October 1, 2024.
TEN YEARS OF SPOOKTOBER STORIES: A CONVERSATION WITH JON PHILLIPS
When I meet Jon Phillips on the patio of his Malibu home, he’s painting a pointillist landscape from memory. He stands back, peering, trying to get the clouds right, and begins to dab again with the brush. He’s healthy, lithe, his full head of black hair well coiffed and shot through with a little respectable grey, marking his thirty-five years. He’s clean shaven, and his lean, handsome face is tan and unlined by worry or self-doubt.
It’s a far cry from how most of us know him, playing a distorted version of himself on the hit “Spooktober Stories,” which is beginning its tenth year this October 1st.
The “Jon Phillips” in that show never left Phillips’ real-life university town of Milwaukee, is an underachieving slob, a layabout ne’er-do-well who fancies himself an undiscovered creative genius (despite never actually creating anything other than the titular ‘Spooktober Stories,’ which he inexplicably posts on Facebook just one month a year), can’t hold down a steady job, sabotages his relationships, and struggles to accomplish even the most basic tasks. ‘A schlub without much of a future,’ as the Spooktober Stories series bible succinctly describes him.
The real Jon Phillips hops off the patio with an athlete's grace to walk and talk with me through his elaborate garden, which he takes pride in growing and maintaining himself. I compliment him at maintaining such peak physical prowess, despite being best known for playing a role that’s quite the opposite.

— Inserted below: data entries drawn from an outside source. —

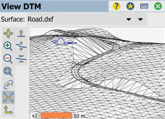 Survey Pro kullanılarak hacim hesabı için arazide toplanan veriler ve sayısal arazi modeli yüzeyi de aplike edilebilir. Arazideyken, nerede ek noktalara ihtiyaç olduğunun görülebilmesi için, aplike edilmiş sayısal arazi modeli sonuçları gösterilir. Survey Pro ekranında sayısal arazi modeli yüzeyinin herhangi bir konumu için dolgu-yarma bilgileri eş zamanlı olarak gösterilmektedir.
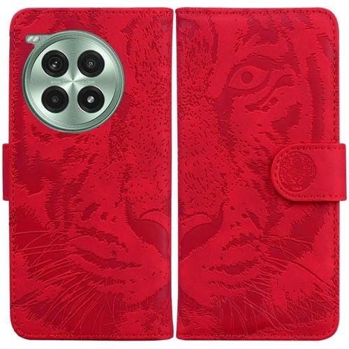 Funda de Cuero con Tapa y Estampado de Tigre para OnePlus Ace 3 Pro (Rojo)
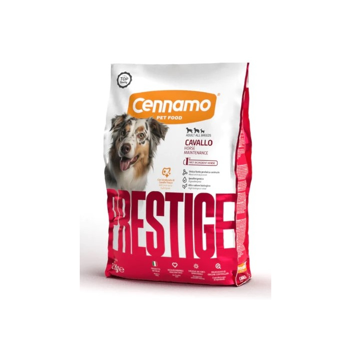 CENNAMO hrana za pse Prestige Adult konjetina 2 kg, potpuna i uravnotežena hrana visoke kvalitete za odrasle pse svih veličina. Formuliran s konjskim kao jedinim izvorom životinjskih proteina, stoga je vrlo ukusan i savršen za održavanje zdravlja psa.Dehidrirani životinjski proteini (piletina min. 20%), izvorna durum pšenica, kukuruz, riža, ulja i masti, rogači, F.O.S. (frukto-oligosaharidi), vitamini i minerali.
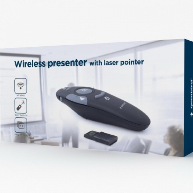 Gembird WP-L-11 Wireless presenter with laser pointer, Wireless 2.4 GHz, Power supply: 1 x AAA battery, up to 10 m, Net weight: 64 g

“I always feel lighter when I’m not carrying him around,” he says, patting his belly and laughing. (Phillips is a streamlined 150 pounds, but to portray his rather more sedentary alter-ego, he has to go through a grueling makeup process every morning, concealing well-defined muscles, adding jowls, the beard, deep eye bags, putting in crooked, yellow teeth, and then strapping on a *sixty-five pound* prosthetic belly, sometimes heavier, depending on how hard “Jon” has been hitting the McDonalds and the McKenna that season.)
Phillips has a complicated relationship with the character. “He’s a comic character, obviously, and we’re supposed to laugh at his bumbling personal failures and rapidly disintegrating mental capacities, but honestly, sometimes I feel sorry for him. This could easily have been me, if I never did anything with my life, if I just gave up. But then sometimes I get really angry with him. I just want to reach through to him and scream in his face, ‘what are you doing, what are you doing, what are you doing! Why aren’t you doing anything! Please, God, please, you’ve wasted your whole f---ing life!’”
He stares off into the distance, ruminating on what he’s said, but soon enough the shadow passes from his face, and he turns to me with a boyish, charming, full-toothed smile. There’s always a twinkle in the real Jon Phillips’ eye, a little mischievous glint, and I joke that getting rid of that to achieve the famous dull-eyed glaze for “Jon Phillips” the character must take an extra hour in the makeup chair.
Jon laughs. “No joke, I’ve gotten in so much trouble for that. I’m always supposed to be avoiding certain lights and turning my head just so, and… Jessie [Fievan, series director of all ten years of Spooktober Stories] will shout ‘Less joy! Less joy! You’re supposed to hate yourself, get rid of that g-d-damned zeal for life, Phillips!’ It’s a struggle. It’s a struggle.”
Before I leave, I ask him, should we start gearing up for ten more years of Spooktober Stories?
“I think if we pretended with the direction his life is going that Jon was going to live another ten more years, CinemaSins would send a trained hit squad to ding us to death,” he chides, referencing the popular YouTube series that ‘dings’ when there are factual inaccuracies in movies and television. “No, no, we won’t hang it up prematurely, but I think when a natural ending presents itself, we’ll take it.”
“Besides,” he muses, walking me to the door. “It’s hard enough to watch a relatively young miserable bastard failure not doing anything. If I had to watch a program about a middle-aged miserable bastard failure not doing anything I think I’d shoot myself in my own f---ing head.”
WELCOME TO SPOOKTOBER STORIES: SEASON 10.